What you will do
Please output the line containing "Sul presbiterio sopraelevato" and all lines that follow it in the data below, exactly, with no pictures.

BEGIN Records for the task

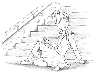 Right, now’s my chance, thought Holly in relief as they went outside, but again it was no good. Chloe ran to the steps of the ballet school and took a big jump down from the sixth one, which neither of them had ever done before. Then she ran back up and told Holly brightly that she was going to try all eight steps.
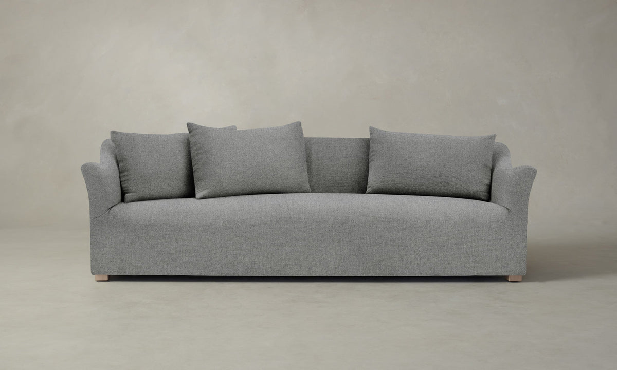 The Lenox Sofa is distinguished by its flared silhouette and sloped arms—together, they extend an invitation to relax. The frame is tightly upholstered and set upon recessed legs. Handcrafted in North Carolina.
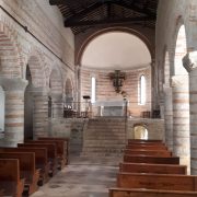 Sul presbiterio sopraelevato si trova l’altare maggiore la cui parte anteriore è costituito da un palio marmoreo con croce greca a otto bracci affiancata a due croci latine di provenienza greca, risalente al VII secolo; sotto il presbiterio si trova la cripta divisa in tre piccole navate sostenuta da basse e snelle colonne i cui capitelli hanno caratteristiche simili a quelli della chiesa.
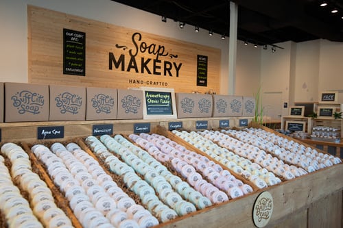 Make life smell wonderful one handmade soap at a time at Buff City Soap in Germantown, TN! From deliciously scented Bar Soaps and Body Butters, to colorful Bath Bombs and Body Scrubs, indulgent Shower Oils and Shave Bars, soothing Candles and more, we meticulously craft plant based products that are sure to transform ordinary moments into extraordinary experiences. Each of our handmade creations are made fresh daily, free of harsh chemicals and additives, and infused with only the best ingredients. Step into our world of goodies and treat yourself! Explore our bath and body products today at our Buff City Soap near you and delight your senses.
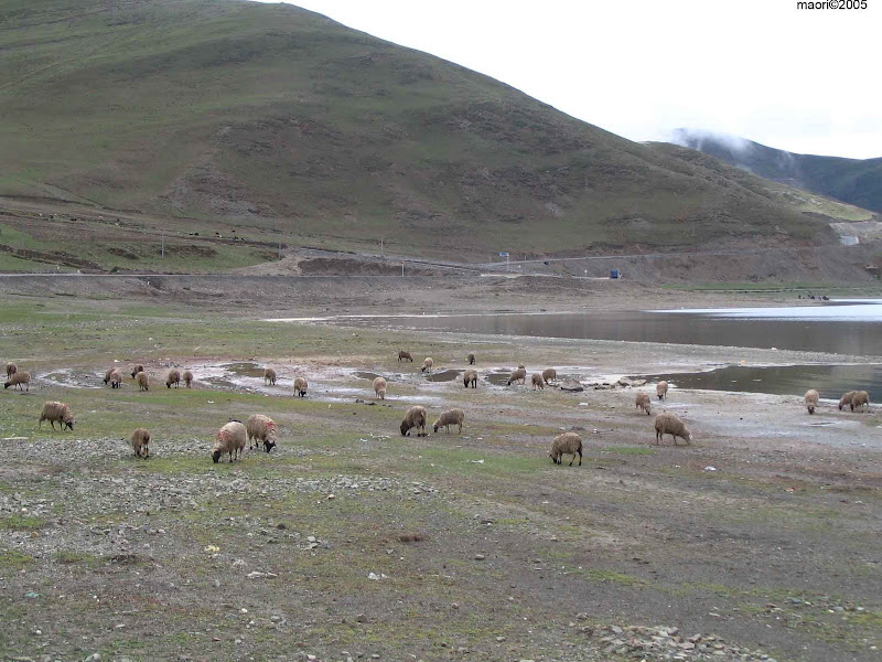 Yamdrok Tso is one of the three largest sacred lakes in Tibet. It is also Tibet's largest freshwater lake and is over 72 km long. It is a turquoise lake fed by melted snow through numerous small stream sand has a outlet stream at its far western end. The lake is surrounded by many snow-capped mountains, the most notable of which is Kula Kangri (7,554m) which is visible on the horizon on the Bhutanese border. From this vantage point you can see why the Tibetans consider Yamdrok Tso to be a sacred lake. Unfortunately when we were there it was very cloudy. Otherwise Kula Kangri can be seen on the far side of the lake in photo 5.

END Records for the task

Task answer
 Sul presbiterio sopraelevato si trova l’altare maggiore la cui parte anteriore è costituito da un palio marmoreo con croce greca a otto bracci affiancata a due croci latine di provenienza greca, risalente al VII secolo; sotto il presbiterio si trova la cripta divisa in tre piccole navate sostenuta da basse e snelle colonne i cui capitelli hanno caratteristiche simili a quelli della chiesa.
 Make life smell wonderful one handmade soap at a time at Buff City Soap in Germantown, TN! From deliciously scented Bar Soaps and Body Butters, to colorful Bath Bombs and Body Scrubs, indulgent Shower Oils and Shave Bars, soothing Candles and more, we meticulously craft plant based products that are sure to transform ordinary moments into extraordinary experiences. Each of our handmade creations are made fresh daily, free of harsh chemicals and additives, and infused with only the best ingredients. Step into our world of goodies and treat yourself! Explore our bath and body products today at our Buff City Soap near you and delight your senses.
 Yamdrok Tso is one of the three largest sacred lakes in Tibet. It is also Tibet's largest freshwater lake and is over 72 km long. It is a turquoise lake fed by melted snow through numerous small stream sand has a outlet stream at its far western end. The lake is surrounded by many snow-capped mountains, the most notable of which is Kula Kangri (7,554m) which is visible on the horizon on the Bhutanese border. From this vantage point you can see why the Tibetans consider Yamdrok Tso to be a sacred lake. Unfortunately when we were there it was very cloudy. Otherwise Kula Kangri can be seen on the far side of the lake in photo 5.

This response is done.